EXERCISE OBJECTIVE:
If an entry holds an image, leave that image out and transcribe everything else exactly.
»»
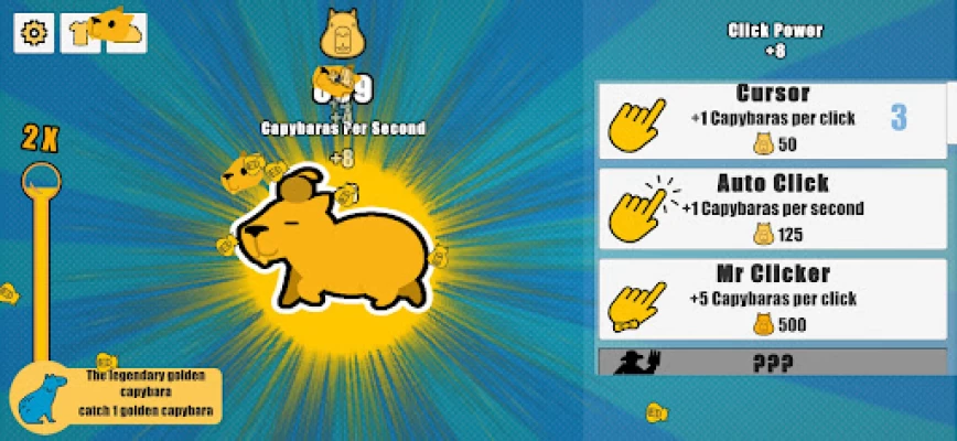 Capybara Clicker is the ultimate capybara clicker game. Make the capybaras multiply by tapping and buy upgrades to increase the rate of capybara production. Change the weather and unlock fresh skins to create one cool-looking capybara.
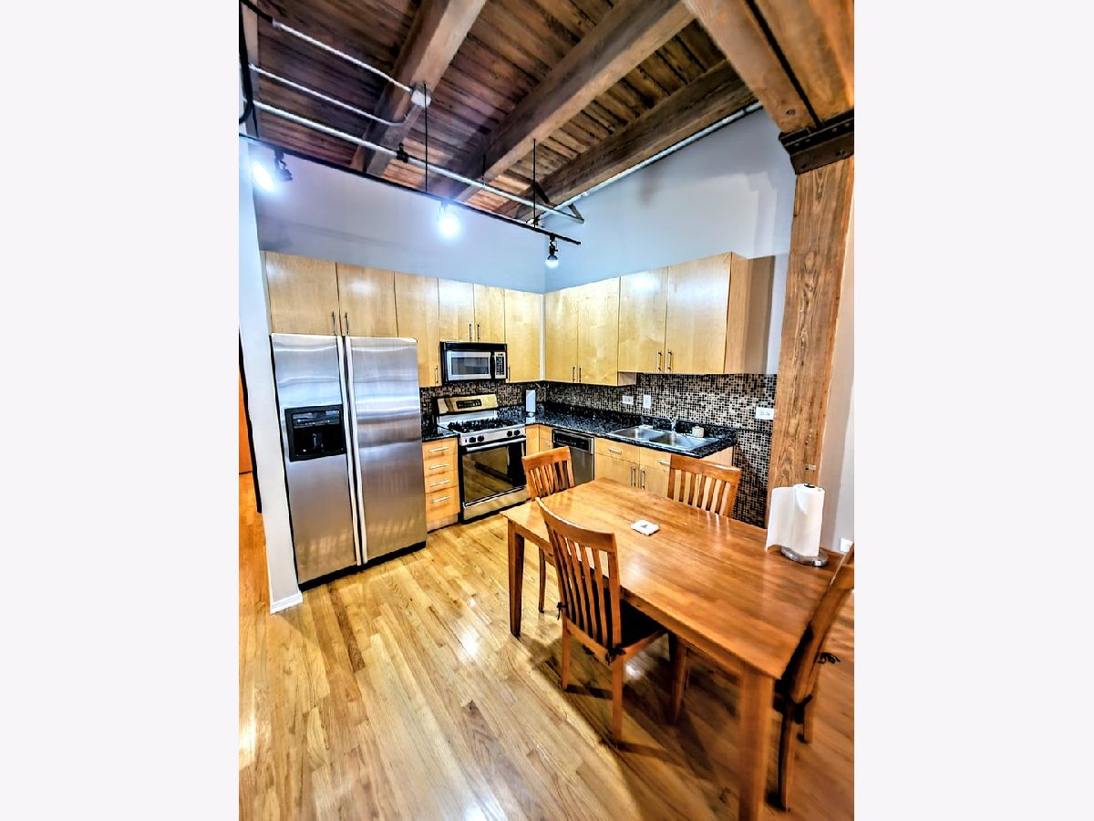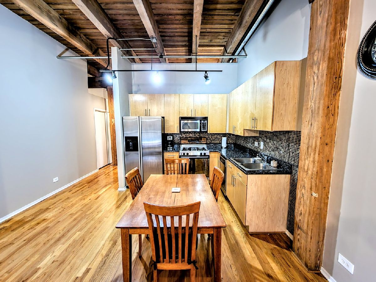 This fantastic one bed one and a half bath loft has it all! Exposed brick walls, soaring timber ceilings, ceiling to floor windows, hardwood floors thru-out, a kitchen with flat panel 42" maple cabinets, stainless appliances, and granite counters, a full bath with a large soaking tub, an additional powder room, a home office nook, in unit washer/dryer, a large balcony and garage parking is an additional 25k. All walking distance to the El, Grant Park, Museum Campus and some of the best shopping and restaurants in the city. THIS IS AN ESTATE SALE WHICH IS WHY IT'S PRICED SO LOW!
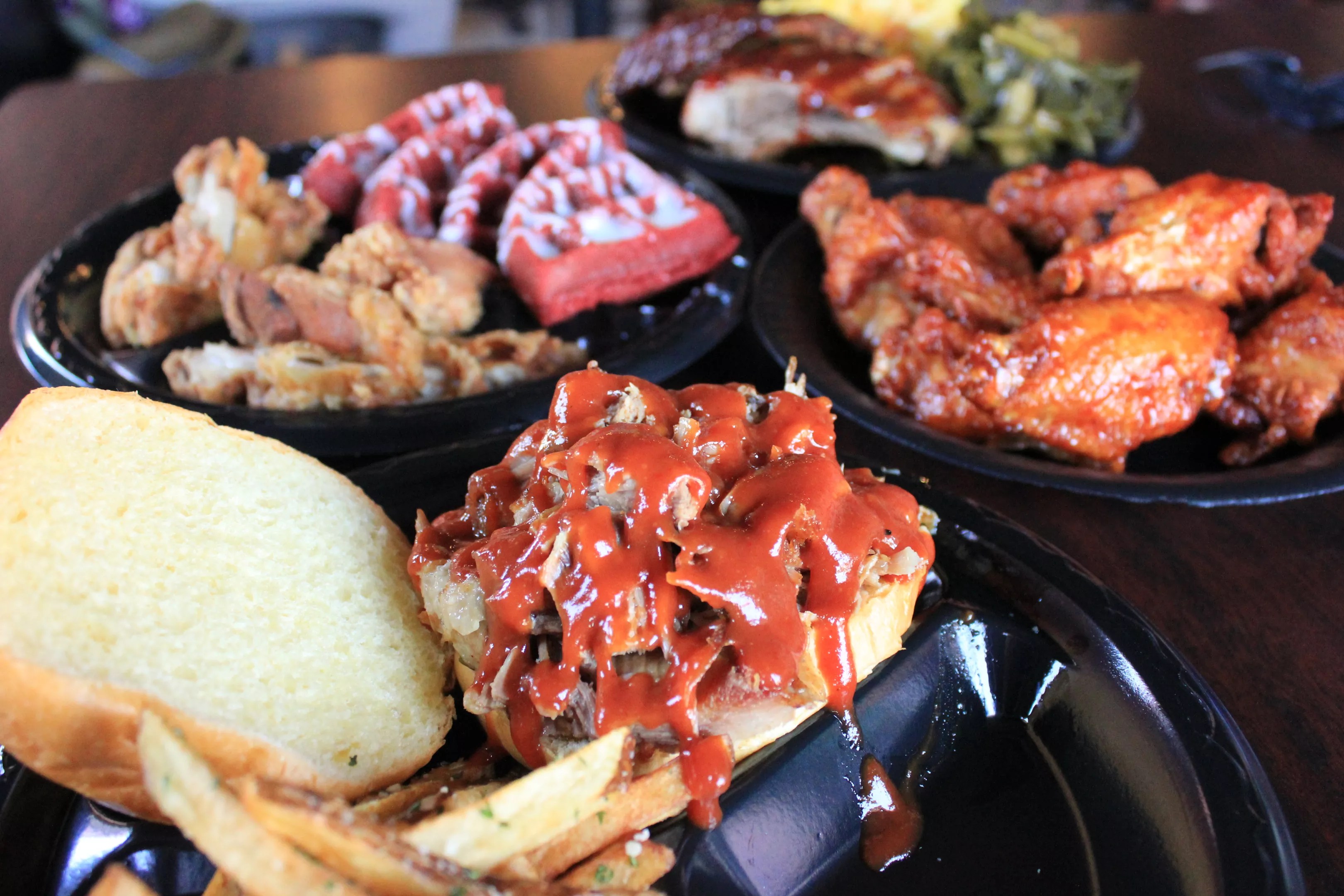 Lots of barbecue and soul food, a chopped pork sandwich in front.
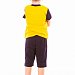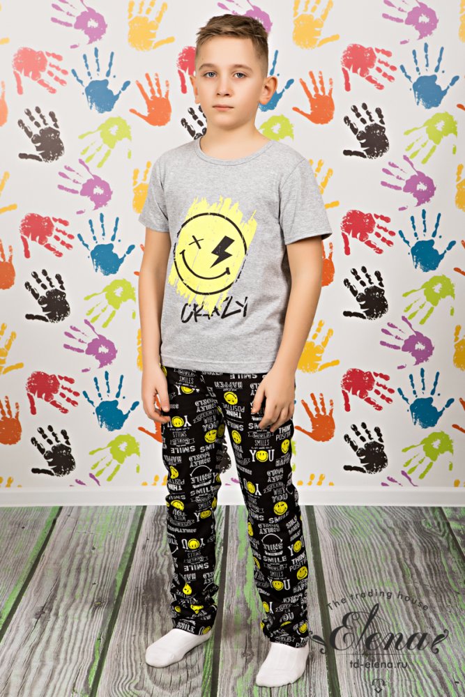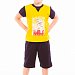 Пижама для мальчиков пошита из хлопковой ткани двух цветов с принтом и вставкой на горловине на футболке, фулболка с коротким рукавом, капри на резинке.
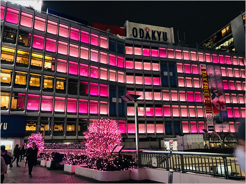 2つのビルからなる新宿店本館は、外観を一面アルミパネルのカーテンウォールに統一し、一つの建物のように見えるデザインが特徴的です。モダニズム建築で知られる坂倉準三氏が新宿駅西口広場と合わせて新宿店本館のデザインも手がけました。クリスマスシーズンには窓のライトを活用したイルミネーションを実施しました。
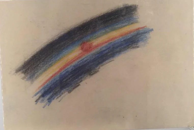 Then, something amazing happened. Leonov, drenched in sweat, summoned just enough energy to wedge himself back into the space capsule. As the life in his lungs threatened to dwindle, he replenished his creative vitality. He picked up colored pencils, and made space art.
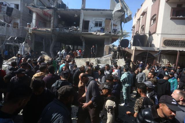 2月24日,在加沙地带南部城市拉法,人们聚集在遭以军空袭的建筑前。新华社发(哈立德·奥马尔摄)
««
EXPECTED ANSWER:
 Capybara Clicker is the ultimate capybara clicker game. Make the capybaras multiply by tapping and buy upgrades to increase the rate of capybara production. Change the weather and unlock fresh skins to create one cool-looking capybara.
 This fantastic one bed one and a half bath loft has it all! Exposed brick walls, soaring timber ceilings, ceiling to floor windows, hardwood floors thru-out, a kitchen with flat panel 42" maple cabinets, stainless appliances, and granite counters, a full bath with a large soaking tub, an additional powder room, a home office nook, in unit washer/dryer, a large balcony and garage parking is an additional 25k. All walking distance to the El, Grant Park, Museum Campus and some of the best shopping and restaurants in the city. THIS IS AN ESTATE SALE WHICH IS WHY IT'S PRICED SO LOW!
 Lots of barbecue and soul food, a chopped pork sandwich in front.
 Пижама для мальчиков пошита из хлопковой ткани двух цветов с принтом и вставкой на горловине на футболке, фулболка с коротким рукавом, капри на резинке.
 2つのビルからなる新宿店本館は、外観を一面アルミパネルのカーテンウォールに統一し、一つの建物のように見えるデザインが特徴的です。モダニズム建築で知られる坂倉準三氏が新宿駅西口広場と合わせて新宿店本館のデザインも手がけました。クリスマスシーズンには窓のライトを活用したイルミネーションを実施しました。
 Then, something amazing happened. Leonov, drenched in sweat, summoned just enough energy to wedge himself back into the space capsule. As the life in his lungs threatened to dwindle, he replenished his creative vitality. He picked up colored pencils, and made space art.
 2月24日,在加沙地带南部城市拉法,人们聚集在遭以军空袭的建筑前。新华社发(哈立德·奥马尔摄)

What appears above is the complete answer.